═════ RECORDS FOR PROCESSING

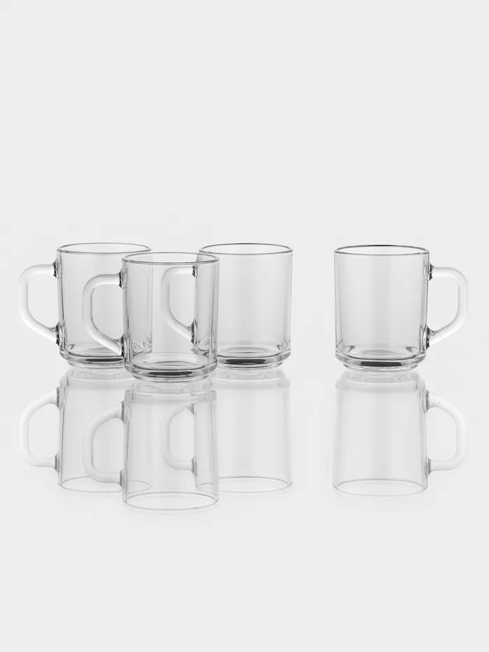 Набор из четырёх прозрачных стеклянных кружек готов к использованию и в подарок. Без лишних аксессуаров, без избыточного дизайна.
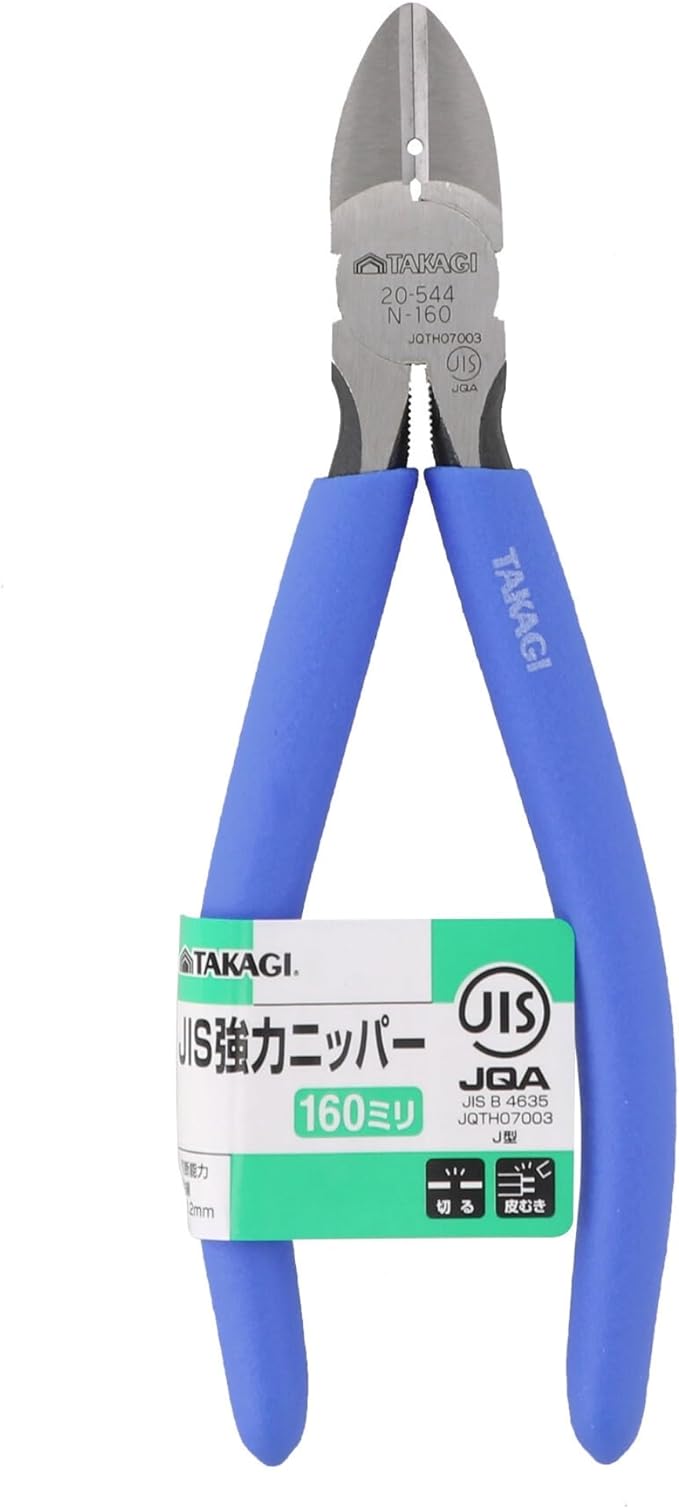 高儀(Takagi) 強力ニッパー ニッパー グリップ付 カッター ギター HOME MADE JIS企画 被膜剥き 工具 電工 ワイヤー 針金 銅線 160mm 切断能力鉄線約φ1.2mm 4907052205444
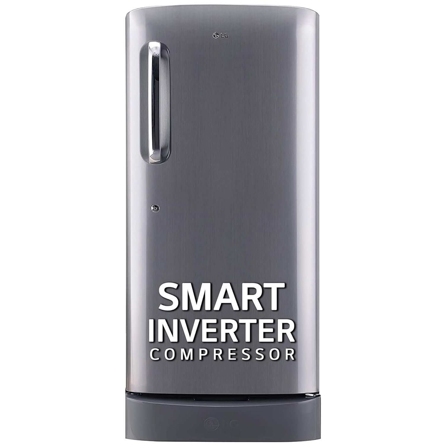 LG 185 L 5 Star Inverter Direct-Cool Single Door Refrigerator (2023 Model, GL-D201APZU, Shiny Steel, Base stand with drawer)
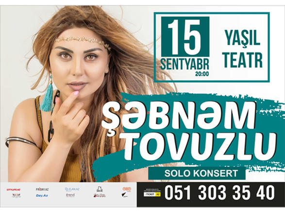 БАКУ /Trend Life/ - Азербайджанская певица с особой манерой исполнения Шабнам Товузлу, 15 сентября в 20.00, выступит со своим первым соло-концертом в Зеленом театре Баку, сообщает Trend Life. Концерт посвящен Дню знаний в Азербайджане.
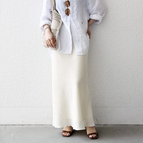 裾部分のみ裏地がないので程よくシアー感があり、ロング丈でも軽やかに着用いただけます。
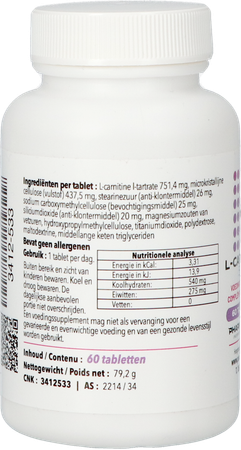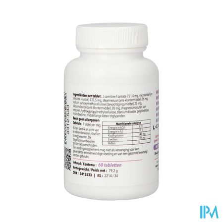 l Carnitine 500 Comp 60 Pharmanutrics is een voedingssupplement, verkrijgbaar in uw buurtapotheek of online apotheek. Neem niet meer dan de aanbevolen dagelijkse dosis vermeld op de verpakking. Het vervangt geen gezonde levensstijl en gevarieerde en evenwichtige voeding. Vraag raad aan uw apotheker. Het product altijd buiten het bereik van kinderen houden.
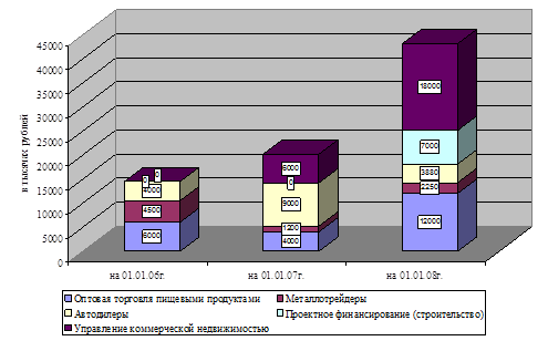 Из представленных в таблице данных видно, что структура доходов от кредитования ежегодно изменялась. В 2005 году более 40% доходов было получено от кредитования предприятий оптовой торговли пищевыми продуктами, более 31% доходов - от кредитования металлотрейдинговых предприятий, 27,6% доходов - от кредитования автодилеров. В 2006 году структура доходов существенно изменялась. Уже 44,5% доходов получено банком от кредитования автодилеров, 29,7% - от кредитования предприятий сферы управления коммерческой недвижимостью, 19,8% - от кредитования предприятий оптовой торговли пищевыми продуктами и лишь 5,94% всех доходов принесло кредитование металлотрейдинговых предприятий. В 2007 году более 41% доходов составили доходы от кредитования предприятий сферы управления коммерческой недвижимостью, почти 28% - от кредитования предприятий оптовой торговли пищевыми продуктами, 16,23% - от кредитования предприятий сферы проектного финансирования, лишь 9% доходов принесло кредитование предприятий-автодилеров и всего 5,22% доходов принесло кредитование металлотрейдинговых компаний. Структура доходов от кредитования графически представлена на рисунке 12. Анализируя доходы банка от кредитования корпоративных клиентов, важно отметить положительную динамику их роста. За два года доходы банка выросли почти на 200% (28630 тыс. руб.), что в свою очередь вызвано ростом числа заключенных договоров. Предприятия почти всех отраслей продемонстрировали прирост доходов от их кредитования. Уменьшились за анализируемый период лишь доходы от кредитования металлургических компаний и компаний-автодилеров, что вызвано уменьшением сумм кредитов данным предприятиям. Динамика доходов банка представлена на рисунке 13.
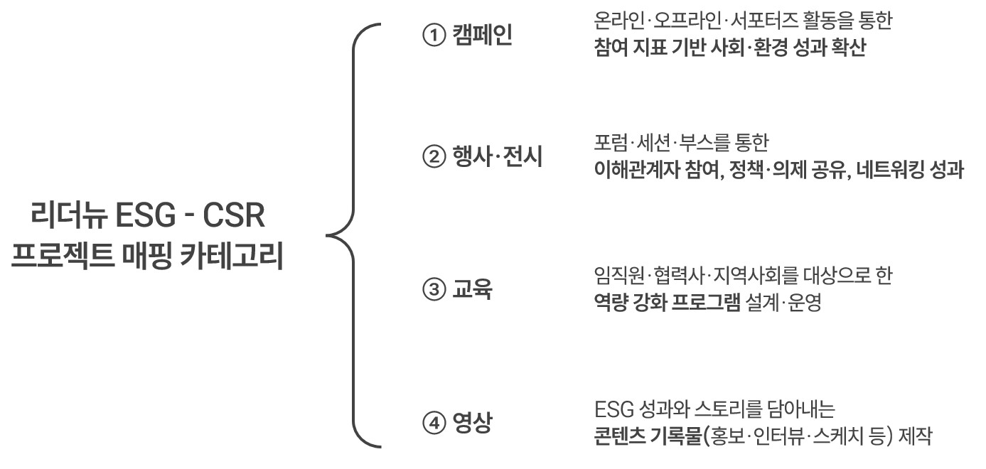 ESG · CSR · 지속가능분야의 활동 전반을
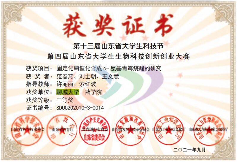 热烈祝贺药学院刘士朝荣获第十三届山东省大学生科技节第四届山东省大学生生物科技创新创业大赛三等奖
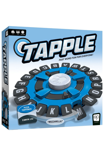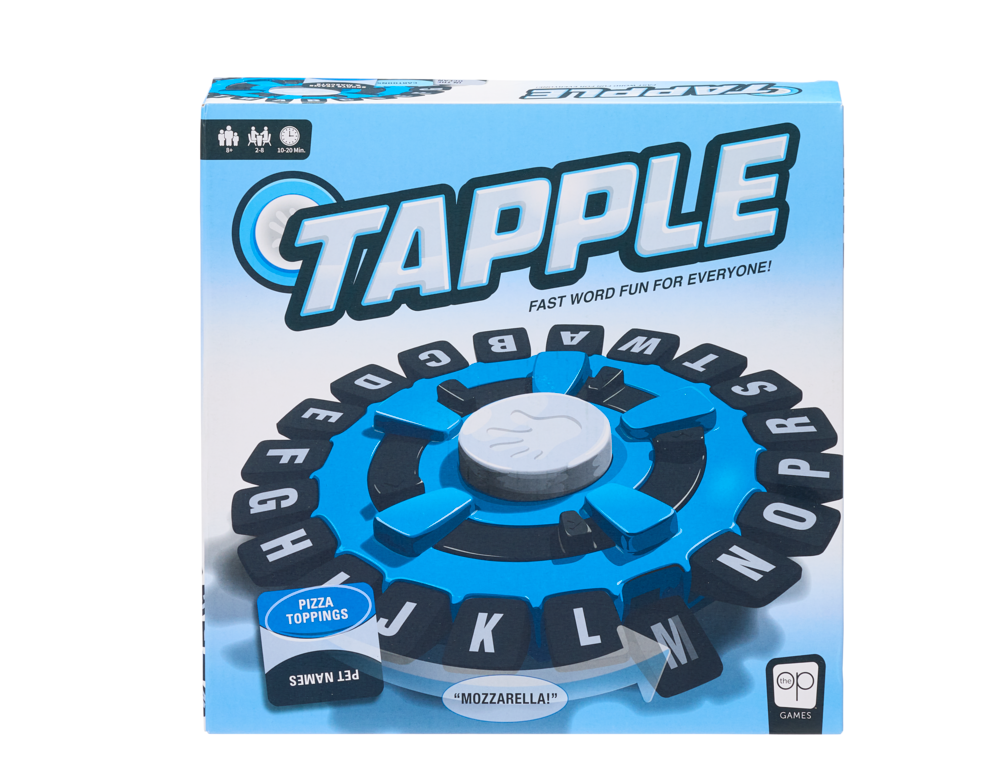Tapple is the award-winning, fast paced word game that gives players a rush of excitement as they race to beat the clock! Challenge friends and family to tap letters of the portable wheel as you come up with words for various categories before the ten-second timer runs out! Just say a word, beat the timer and win!
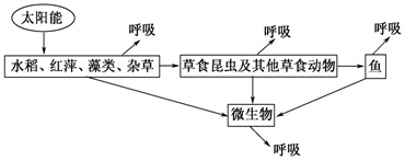 (4)畫出稻一萍一魚生態(tài)系統(tǒng)的能量流動圖(不考慮與人的聯(lián)系)。
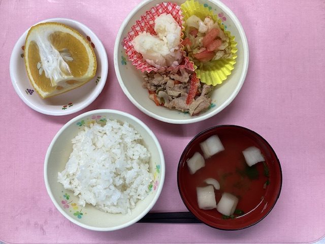 ホームきょうの給食 4/5 今日の給食 2024年4月5日 子どもたちが大好きな給食やおやつを毎日紹介しています! 【幼児食・乳児食】 昼食 ごはん すまし汁 チンジャオロース 粉ふき芋 キャベツの中華和え 甘夏 3時のおやつ 牛乳 カルピスゼリー おせんべい 10時のおやつ(乳児のみ) 牛乳
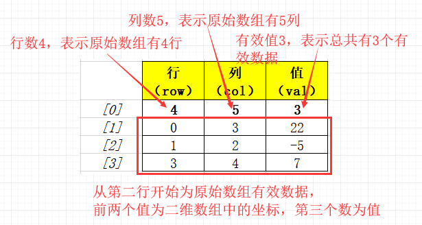 那么这个标准二维数组对应的稀疏数组的结构就如下图所示:
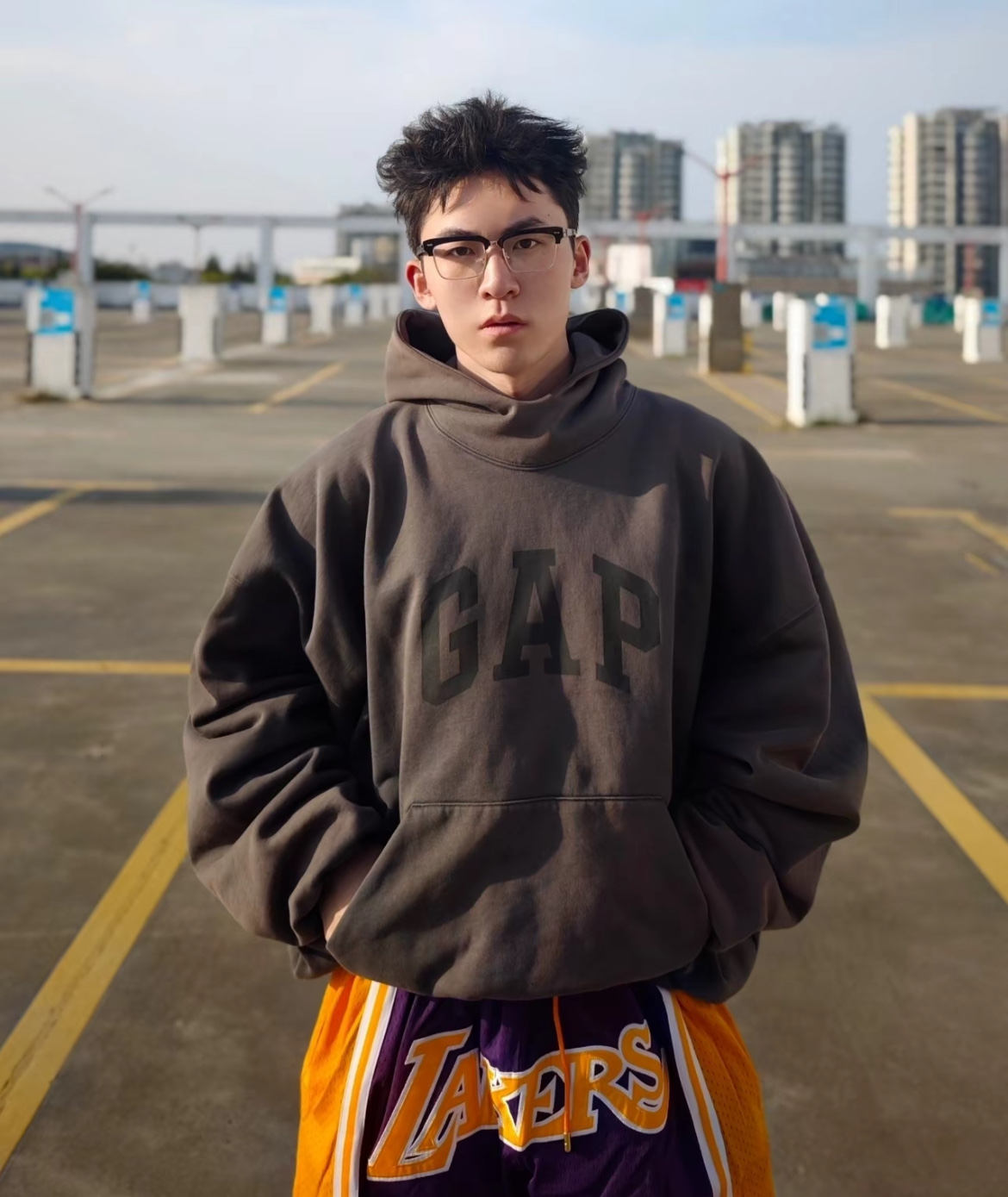 它是“实用主义的时尚单品”:装上防蓝光镜片,能成为通勤时的护眼利器;搭配透明平光镜,便是造型的点睛之笔——黑框的复古感适配西装、卫衣等多元风格,金色细节又能在低调穿搭中跳出精致亮点,像一杯加了金箔的黑咖啡,沉稳里裹着恰到好处的闪耀

══════════

■ **EXERCISE**
Since the pictures don't belong in the copy, copy only the rest of the entries above exactly.

■ **EXERCISE OUTPUT**
 Набор из четырёх прозрачных стеклянных кружек готов к использованию и в подарок. Без лишних аксессуаров, без избыточного дизайна.
 高儀(Takagi) 強力ニッパー ニッパー グリップ付 カッター ギター HOME MADE JIS企画 被膜剥き 工具 電工 ワイヤー 針金 銅線 160mm 切断能力鉄線約φ1.2mm 4907052205444
 LG 185 L 5 Star Inverter Direct-Cool Single Door Refrigerator (2023 Model, GL-D201APZU, Shiny Steel, Base stand with drawer)
 БАКУ /Trend Life/ - Азербайджанская певица с особой манерой исполнения Шабнам Товузлу, 15 сентября в 20.00, выступит со своим первым соло-концертом в Зеленом театре Баку, сообщает Trend Life. Концерт посвящен Дню знаний в Азербайджане.
 裾部分のみ裏地がないので程よくシアー感があり、ロング丈でも軽やかに着用いただけます。
 l Carnitine 500 Comp 60 Pharmanutrics is een voedingssupplement, verkrijgbaar in uw buurtapotheek of online apotheek. Neem niet meer dan de aanbevolen dagelijkse dosis vermeld op de verpakking. Het vervangt geen gezonde levensstijl en gevarieerde en evenwichtige voeding. Vraag raad aan uw apotheker. Het product altijd buiten het bereik van kinderen houden.
 Из представленных в таблице данных видно, что структура доходов от кредитования ежегодно изменялась. В 2005 году более 40% доходов было получено от кредитования предприятий оптовой торговли пищевыми продуктами, более 31% доходов - от кредитования металлотрейдинговых предприятий, 27,6% доходов - от кредитования автодилеров. В 2006 году структура доходов существенно изменялась. Уже 44,5% доходов получено банком от кредитования автодилеров, 29,7% - от кредитования предприятий сферы управления коммерческой недвижимостью, 19,8% - от кредитования предприятий оптовой торговли пищевыми продуктами и лишь 5,94% всех доходов принесло кредитование металлотрейдинговых предприятий. В 2007 году более 41% доходов составили доходы от кредитования предприятий сферы управления коммерческой недвижимостью, почти 28% - от кредитования предприятий оптовой торговли пищевыми продуктами, 16,23% - от кредитования предприятий сферы проектного финансирования, лишь 9% доходов принесло кредитование предприятий-автодилеров и всего 5,22% доходов принесло кредитование металлотрейдинговых компаний. Структура доходов от кредитования графически представлена на рисунке 12. Анализируя доходы банка от кредитования корпоративных клиентов, важно отметить положительную динамику их роста. За два года доходы банка выросли почти на 200% (28630 тыс. руб.), что в свою очередь вызвано ростом числа заключенных договоров. Предприятия почти всех отраслей продемонстрировали прирост доходов от их кредитования. Уменьшились за анализируемый период лишь доходы от кредитования металлургических компаний и компаний-автодилеров, что вызвано уменьшением сумм кредитов данным предприятиям. Динамика доходов банка представлена на рисунке 13.
 ESG · CSR · 지속가능분야의 활동 전반을
 热烈祝贺药学院刘士朝荣获第十三届山东省大学生科技节第四届山东省大学生生物科技创新创业大赛三等奖
Tapple is the award-winning, fast paced word game that gives players a rush of excitement as they race to beat the clock! Challenge friends and family to tap letters of the portable wheel as you come up with words for various categories before the ten-second timer runs out! Just say a word, beat the timer and win!
 (4)畫出稻一萍一魚生態(tài)系統(tǒng)的能量流動圖(不考慮與人的聯(lián)系)。
 ホームきょうの給食 4/5 今日の給食 2024年4月5日 子どもたちが大好きな給食やおやつを毎日紹介しています! 【幼児食・乳児食】 昼食 ごはん すまし汁 チンジャオロース 粉ふき芋 キャベツの中華和え 甘夏 3時のおやつ 牛乳 カルピスゼリー おせんべい 10時のおやつ(乳児のみ) 牛乳
 那么这个标准二维数组对应的稀疏数组的结构就如下图所示:
 它是“实用主义的时尚单品”:装上防蓝光镜片,能成为通勤时的护眼利器;搭配透明平光镜,便是造型的点睛之笔——黑框的复古感适配西装、卫衣等多元风格,金色细节又能在低调穿搭中跳出精致亮点,像一杯加了金箔的黑咖啡,沉稳里裹着恰到好处的闪耀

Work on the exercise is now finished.